Chi è Mark Gitenstein, amico di Biden e nuovo ambasciatore in Ue
“Siamo come parenti”, disse di lui il presidente: un rapporto che dà bene la misura di quanto Biden abbia a cuore i rapporti tra Stati Uniti e Unione europea
C’è un nuovo ambasciatore in città. Si chiama Mark Gitenstein ed è il rappresentante degli Stati Uniti di Joe Biden presso l’Unione europea. Gitenstein arriverà a Bruxelles per ricoprire una carica che era vacante dal febbraio 2020, ossia da quando l’allora presidente Donald Trump aveva licenziato l’ambasciatore Gordon Sondland, reo di aver testimoniato contro di lui durante il primo processo di impeachment (quello relativo alle minacce all’Ucraina).

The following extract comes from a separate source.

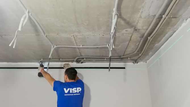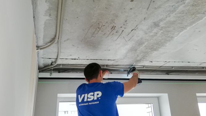 Монтаж потолка в квартире 38 м2, полотно VISP M9001 (5.45)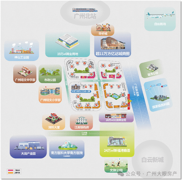 双向十车道广花快速路,无红绿灯、10分钟直达白云新城、3分钟高速口上环城高速、30分钟到珠江新城、2小时通达大湾区各大城市。

Ora, un anno e mezzo dopo, Joe Biden ha scelto il suo nuovo ambasciatore e il fatto che la sua scelta sia caduta su Mark Gitenstein non è casuale. Anzi. Ha un importante peso politico, prima ancora che diplomatico. Per comprendere perché, è necessario guardare oltre il curriculum di Gitenstein, ex consigliere della commissione per le nomine giudiziarie al Senato, ex membro del team di transizione Obama-Biden e, soprattutto, ex ambasciatore americano (tra il 2009 e il 2012) in Romania, nei cruciali mesi di integrazione del paese all’interno dell’Ue.
La sostanza della nomina di Gitenstein in Europa però non sta tanto né nelle sue capacità o nella sua esperienza, quanto in un tratto della sua biografia: dagli anno Ottanta è uno dei più stretti amici e collaboratori di Joe Biden. Per avere idea di quanto, basti sapere che, durante una visita ufficiale in Romania nel 2009, l’allora vicepresidente Biden disse al presidente Traian Basescu: “Il nostro ambasciatore in Romania è il mio migliore amico, abbiamo cresciuto i figli l’uno dell’altro, le nostre mogli sono amiche e i miei nipoti considerano i Gitenstein come parenti. Ho un filo diretto con lui. Se c’è qualcosa che non va, prende il telefono e mi chiama”.
Un rapporto così stretto, di parentela più che di amicizia, di fiducia più che di stima, tra il presidente e il suo neo ambasciatore in Europa, dà bene la misura di quanto Biden abbia a cuore i rapporti tra Stati Uniti e Unione europea, tanto da farli gestire a quello che considera quasi un suo doppio. Per Biden, infatti, quella delle relazioni diplomatiche e di alleanza con Bruxelles non è una partita come le altre, ma, probabilmente, quella attorno alla quale si giocherà l’essenza della politica estera della sua Amministrazione. E la ragione non ha a che fare con l’Europa stessa, ma con i rapporti con i nemici di sempre: la Russia, la cui sfera di influenza Biden vuole assolutamente arginare e, soprattutto, la Cina.
Il presidente Biden, infatti, è impegnato in una guerra commerciale e politica con Pechino, e sa bene che non c’è modo né per combattere, né per vincere questa guerra senza avere l’Unione europea al proprio fianco. Al momento però, l’alleanza tra Washington e Bruxelles, che dalla seconda metà del XX secolo è stata talmente solida da sembrare quasi scontata, è molto debole. E non c’entrano soltanto le intemperanze dell’ex presidente Donald Trump, ma ci sono anche ragioni più concrete ed economiche: l’Ue ha molto più bisogno della Cina (del suo export, ma soprattutto del suo import) di quanto ne abbia dell’America. In una dichiarazione a Cnbc, Charles Parton, diplomatico inglese di lungo corso in Oriente, ha spiegato che “Gli europei vedono gli americani molto in conflitto con la Cina e non credono che l’Europa possa permettersi di stare al loro fianco”.
Sulla base di questo gioco di sponda, dunque, ha senso leggere il fatto che Biden abbia inviato a Bruxelles uno dei suoi più fidati amici e alleati e gli abbia affidato due compiti che costituiscono il mantra della sua Amministrazione: “Build back better” e “Heal”. Ricostruire, come prima meglio di prima, e guarire. E soprattutto riportare l’Ue dove Biden vuole che stia, ossia saldamente affacciata sull’Atlantico.